The objectives sought to be accomplished are equally fine. The Vision includes raising the per capita income of Tamil Nadu's residents to $10,000 per annum (at 2010 prices) from the present $1,628, bringing about a high standard of social development, with the Human Development Index of the state matching those of developed countries by 2023, providing high-quality infrastructure all over the state comparable with the best in the world, and making Tamil Nadu the knowledge capital and innovation hub.

FOUR SOURCES

The rub is going to be finding the Rs 15 lakh crore to be spent in the next 11 years on infrastructural projects encompassing all these goals.
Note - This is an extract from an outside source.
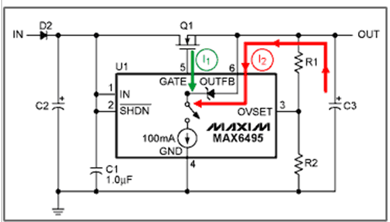 MAX6495–MAX6499/MAX6397/MAX6398通過內(nèi)部100mA的電流源(見圖4)連接到GATE輸出,以對柵極電容和輸出電容放電。電流源先對GATE放電(電流I1,綠色箭頭),直到GATE的電壓等于OUTFB電壓,然后斷開FET,電流源繼續(xù)降低GATE電壓,最后,直到內(nèi)部的箝位二極管變?yōu)檎蚱?,對輸出電容放?電流I2,紅色箭頭)。

The average per year works out to Rs 1,35,000 crore, or ten times the annual expenditure of around Rs 14,000 crore by the State on capital account.

The Vision 2023 document envisages mainly four sources for the huge outlay: The first is “the fiscal space created within the fiscal deficit of 3 per cent of the State Gross Domestic Product”.

At the moment, these are mere words, as the document contains no evidence of any concrete steps having been worked out on this account.

The document hopes to make the infrastructure services self-financing and sustainable by carrying out appropriate sectoral reforms and ensuring suitable cost recovery. This hope, again, is rather vague, in the absence of any cash flow chart based on existing and projected parameters.

The State Government also proposes to enlist the participation of private sector (including FDI, domestic investments, and bank funding) under the private-public-partnership mode to the extent of one-third (or Rs 5 lakh crore) of the outlay at the rate of about Rs 60,000 crore from now on. One can only wish the Government all good luck on this score.

Finally, of course, as is only to be expected, the State Government intends to heavily lean on the Centre to fund the Strategic Plan “to the extent it can”.

The Vision document, for all its imperfections, still serves the important purpose of enabling the State to benchmark itself against the best that it owes to the people in terms of overall economic development, good and honest governance and different categories of services. From that standpoint, it deserves to be welcomed.